Latest run (June 2026): 6/6 patterns passed, pass^k 100% (k=3). Reproduce: cd notebooks/agents/text_to_sql_eval && python run_all.py.
NucleusIQ text-to-SQL agent evaluation scorecard: 6 of 6 patterns passed, 100% pass^k, Autonomous execution mode
The structure of an agent evaluation
An evaluation is a test for an AI system: give an AI an input, apply grading logic to its output, and measure success. For a large language model (LLM) call, this is straightforward. For agents, every component becomes more complex.
Key terminology
Before diving into patterns, here are the terms used throughout this post:
| Term | Definition |
|---|---|
| Task | A single test with defined inputs and success criteria. Example: “How many customers are from Canada?” with expected answer eight. |
| Trial | A single attempt at a task. Because model outputs are non-deterministic, running multiple trials per task produces more reliable results. |
| Grader | Logic that scores some aspect of the agent’s performance. A task can have multiple graders, each evaluating a different dimension. |
| Transcript | The complete record of a trial: tool calls, reasoning steps, intermediate results, and interactions. In NucleusIQ this is AgentResult.tool_calls, messages, and llm_calls. |
| Outcome | The final state of the environment at the end of a trial. An agent might say “The answer is eight,” but the outcome is whether it actually executed the correct SQL query against the database. |
| Evaluation harness | Infrastructure that runs evaluations end-to-end: provides instructions and tools, runs tasks, records steps, grades outputs, and aggregates results. |
| Evaluation suite | A collection of tasks designed to measure specific capabilities or behaviors. |
Why agent evaluations are harder
Three properties make agent evaluation fundamentally different from evaluating straightforward LLM outputs:
- Non-determinism — Agent behavior varies between runs. The same task might succeed 90% of the time and fail 10%. A single pass/fail result doesn’t tell you much. You need multiple trials to estimate actual performance. Two metrics help:
- pass@k — likelihood of at least one success in k attempts (use when one success suffices).
- pass^k — probability that all k trials succeed (use when consistency matters).
- Error propagation — In a multi-step agent, a mistake in step 3 can cascade through the following steps. A text-to-SQL agent that misidentifies the schema early will construct an incorrect JOIN, producing wrong results in its final answer. Evaluating only the final output misses where things went wrong.
- Creative solutions — Frontier models sometimes find valid approaches that eval designers didn’t anticipate. Grade what the agent produced, not the exact path it took.
What you can evaluate
For an agent run, there are three categories you can test:
| Category | Question | NucleusIQ source |
|---|---|---|
| Trajectory | Did it explore the schema? Did it use sql_query_checker before executing? | result.tool_calls → tool_name, args, round, success |
| Final response | Is the answer correct? Well formatted? | result.output |
| Other state | Plans, sub-tasks, workspace notes, intermediate results | result.autonomous, result.context_telemetry, result.memory_snapshot |
Evaluation patterns for AI agents
Agent evaluations typically combine three types of graders. The key to effective evaluation design is choosing the right mix for your use case.
Code-based graders
Code-based graders use deterministic logic to verify specific conditions: string matching, regex patterns, binary pass/fail tests, static analysis, tool call verification, and transcript analysis (turn counts, token usage).

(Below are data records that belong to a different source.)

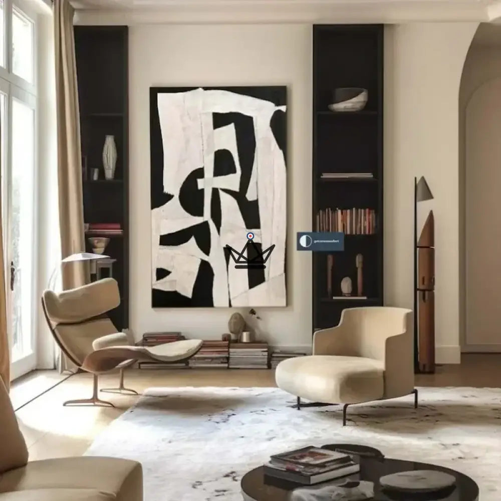 Bring a touch of contemporary elegance to your interior with the "Monochrome Abstraction" collection. These minimalist works of art are perfect for modern spaces, adding an artistic and sophisticated dimension to your decoration.
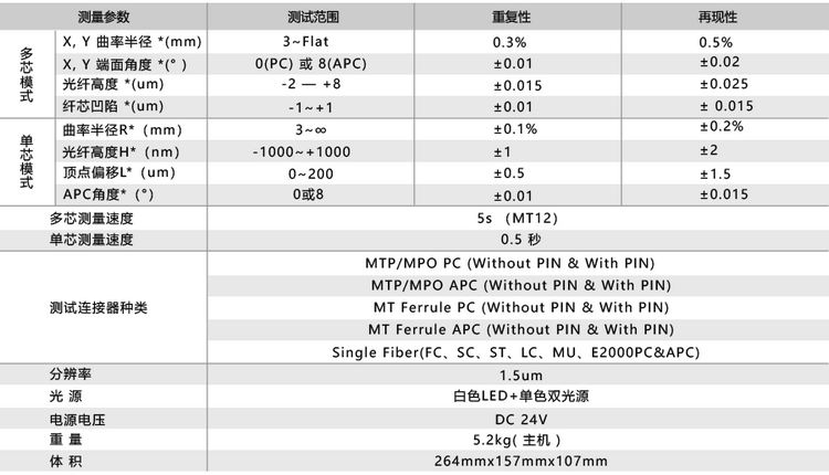 光纖端面3D參數(shù)指標(biāo)
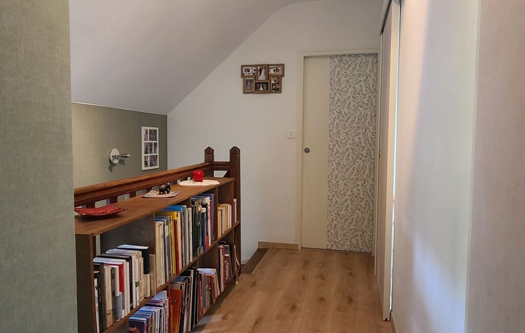 À l’étage, un palier dessert deux chambres, un bureau, ainsi qu'une salle de bain avec WC.
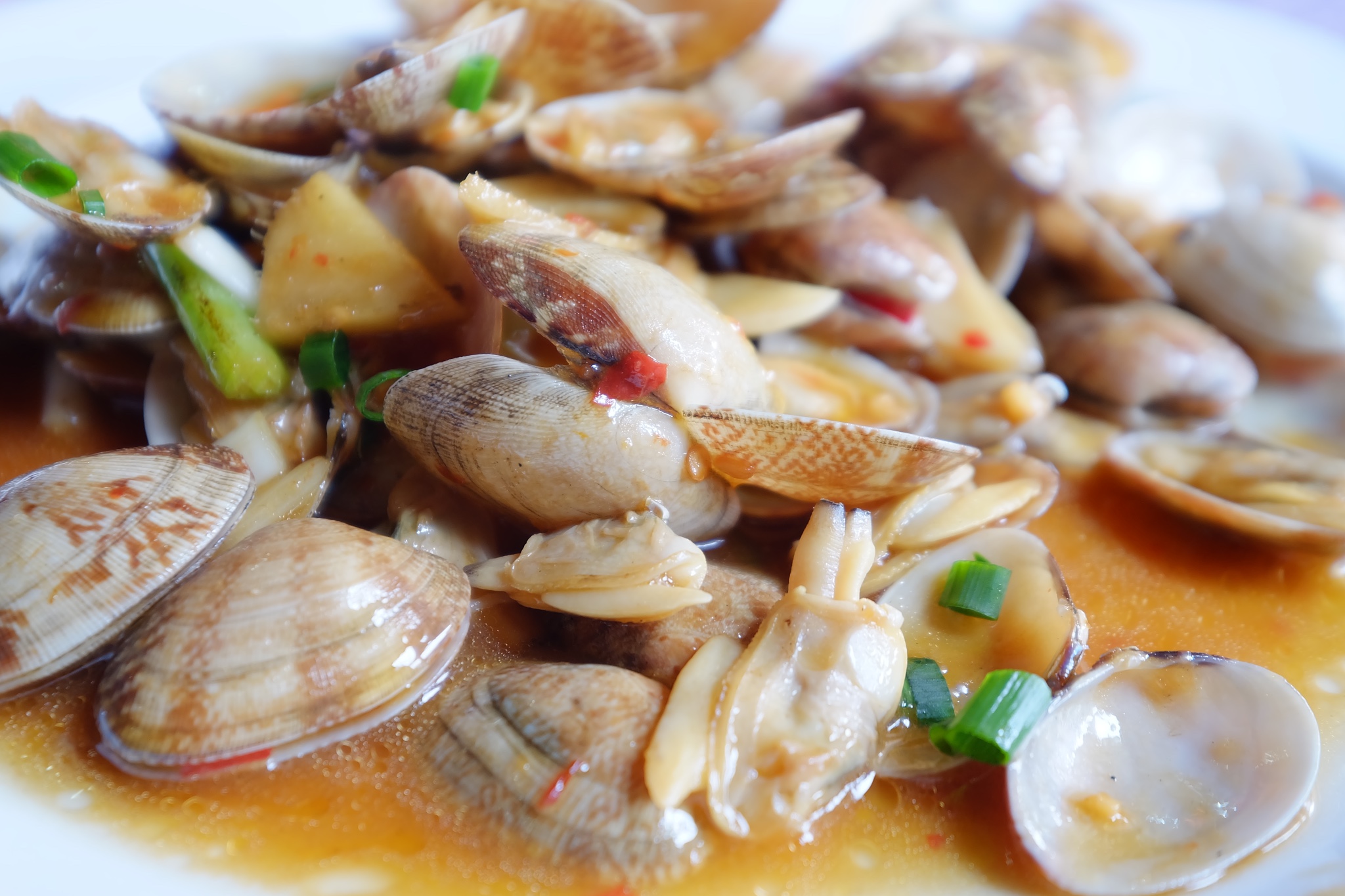 我们去用餐时,餐厅里空无一人,王经理亲自招(报)待(价)。店里这个季节并没有活蟹,只有冰冻的,我对冰冻的蟹非常不感冒,于是点了葱油虾作为葱油蟹的替代品,结果没有想到虾也没有,于是王经理邀请我们去内厨点菜,并且表示我们的厨房是整个岛上最吼的最干净的。最后点了葱油花蛤来弥补没有葱油蟹葱油虾的遗憾。
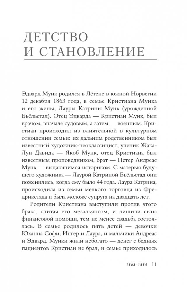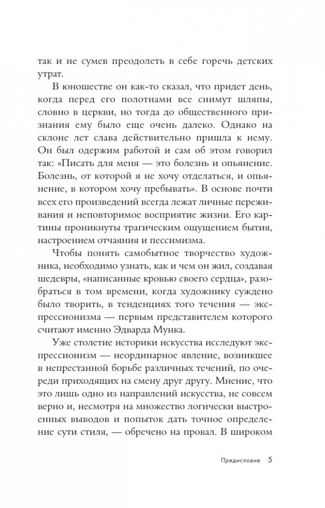 Книга рассказывает о жизни и творчестве самого противоречивого и загадочного художника мировой живописи — Эдварда Мунка, автора знаменитого полотна "Крик". Творчество Мунка разнообразно по темам и жанрам. Художник писал портреты, пейзажи, бытовые сцены и картины со сложным символистским подтекстом, создавал графические произведения. Однако значение Мунка-художника не только в многоплановости его искусства, а в и особой философии мастера, в его способности неоднозначно видеть и трактовать окружающий мир.
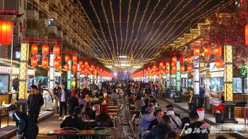 4月28日晚,乌鲁木齐高新区(新市区)温州街夜市。石榴云/新疆日报记者 谢龙摄

Strengths — Fast, cheap, objective, reproducible, and straightforward to debug. When you can express success criteria as code, do it.

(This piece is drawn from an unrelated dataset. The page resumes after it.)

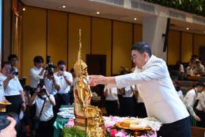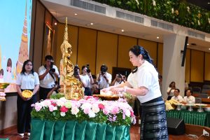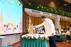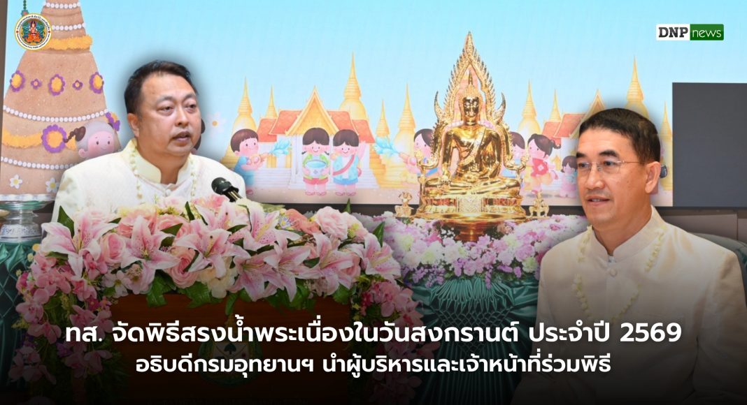 เมื่อวันที่ 10 เมษายน 2569 เวลา 09.30 น. นายสุชาติ ชมกลิ่น รัฐมนตรีว่าการกระทรวงทรัพยากรธรรมชาติและสิ่งแวดล้อม (รมว.ทส.) เป็นประธานในพิธีพิธีสรงน้ำพระเนื่องในวันสงกรานต์ โดยมี ดร.รวีวรรณ ภูริเดช ปลัดกระทรวงทรัพยากรธรรมชาติและสิ่งแวดล้อม กล่าวรายงานและขอพรเนื่องในวันสงกรานต์ ทั้งนี้ มีนายอรรถพล เจริญชันษา อธิบดีกรมอุทยานแห่งชาติ สัตว์ป่า และพันธุ์พืช ผู้บริหารระดับสูง ทส. ข้าราชการ และเจ้าหน้าที่ ร่วมสรงน้ำพระ รดน้ำขอพร เนื่องในวันสงกรานต์ ประจำปี 2569 เพื่อความเป็นสิริมงคลในโอกาสวันปีใหม่ของไทย เสริมสร้างความสุขความสามัคคีและสร้างขวัญกำลังใจแก่บุคลากร ณ ห้องประชุมศักดิ์สิทธิ์ ตรีเดช กระทรวงทรัพยากรธรรมชาติและสิ่งแวดล้อม และถ่ายทอดสัญญานผ่านระบบการประชุมทางไกล ไปยังส่วนราชการภายในสังกัด ทส. ทั่วประเทศ
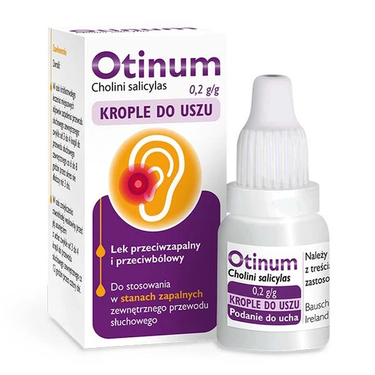 Otinum to lek w postaci kropli do uszu, przeznaczony do stosowania miejscowego u osób dorosłych. Jest polecany doraźnie w stanach zapalnych zewnętrznego przewodu słuchowego, które objawiają się bólem, świądem oraz zaczerwienieniem. Dzięki zawartości salicylanu choliny – pochodnej kwasu salicylowego – krople wykazują działanie przeciwbólowe i przeciwzapalne, pomagając szybciej złagodzić nieprzyjemne dolegliwości. Dodatkowo glicerol zawarty w preparacie zmiękcza woskowinę, dlatego Otinum bywa stosowane także przed płukaniem ucha w celu ułatwienia usunięcia zalegającej, stwardniałej woskowiny. Po podaniu do ucha lek działa miejscowo i nie wywiera działania ogólnoustrojowego.

Weaknesses — Brittle to variations that don’t match expected patterns exactly. A query result formatted as “eight customers” compared to “There are eight” might fail a strict string match even though both are correct.
Example — Verifying a tool was called:
from evals.extract import tool_names
tool_names_list = tool_names(result)
assert "sql_query" in tool_names_list, "Agent must execute sql_query"
Model-based graders (LLM-as-judge)
Model-based graders use another LLM to evaluate the agent’s output. Methods include rubric-based scoring, natural language assertions, pairwise comparison, and multi-judge consensus.
Strengths — Flexible, scalable, captures nuance, and handles open-ended tasks where the agent’s answer can take many valid forms.
Weaknesses — Non-deterministic, more expensive than code, and requires calibration with human graders to validate accuracy. Give the judge LLM a way out (for example, “return low scores if you don’t have enough information”) to avoid hallucinated scores.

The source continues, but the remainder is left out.